LoRa is chosen for range and efficiency, but many nodes still miss battery targets by a large margin. The reason is usually poor budgeting assumptions and missing field validation.
1. Build a current profile per operating mode
Measure current in each mode:
- deep sleep
- sensor warm-up
- sensor sampling
- radio transmit
- radio receive window
Do not rely only on datasheet typical values. Board-level leakage and regulator losses can dominate.
2. Duty-cycle aware energy model
Compute average current from real duty cycle:
- sample interval
- payload size
- spreading factor and airtime
- retransmission rate
Long airtime configurations can multiply energy usage unexpectedly.
3. Battery chemistry and temperature behavior
Battery curves vary significantly by temperature. If deployments see winter conditions, capacity assumptions must be derated.
Also account for pulse-current limits during radio bursts.
4. Regulator and peripheral overhead
Common hidden drains:
- always-on regulator quiescent current
- sensor modules that never fully sleep
- indicator LEDs
- USB-UART bridges left powered
These are often bigger than MCU sleep current.
5. Firmware power patterns
Power-friendly firmware rules:
- batch sensor reads in one wake window
- avoid unnecessary RX listening windows
- compress payload to reduce airtime
- disable debug interfaces in release builds
Tiny code choices can add months of battery life.
6. Reliability vs power tradeoffs
More retries improve data delivery but cost power. Define acceptable loss rate and tune retransmission policy accordingly.

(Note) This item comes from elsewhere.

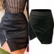 Fashion High-rise Slant Zipper Irregular Hemline Artificial Leather PU Skirt

For non-critical telemetry, controlled loss can be preferable to rapid battery depletion.
7. Field validation plan
Lab numbers are not enough. Validate with:
- real gateway distance
- environmental temperature variation
- expected RF interference
- long-run discharge observation
Track battery voltage and event counters over weeks.
8. Maintenance and replacement policy
Set replacement thresholds and maintenance cadence from measured degradation, not optimistic calculations.
Document expected runtime bands, not a single number.
Final note
A reliable LoRa power budget is built from measurement, realistic airtime assumptions, and field data feedback. When these are in place, battery predictions become trustworthy.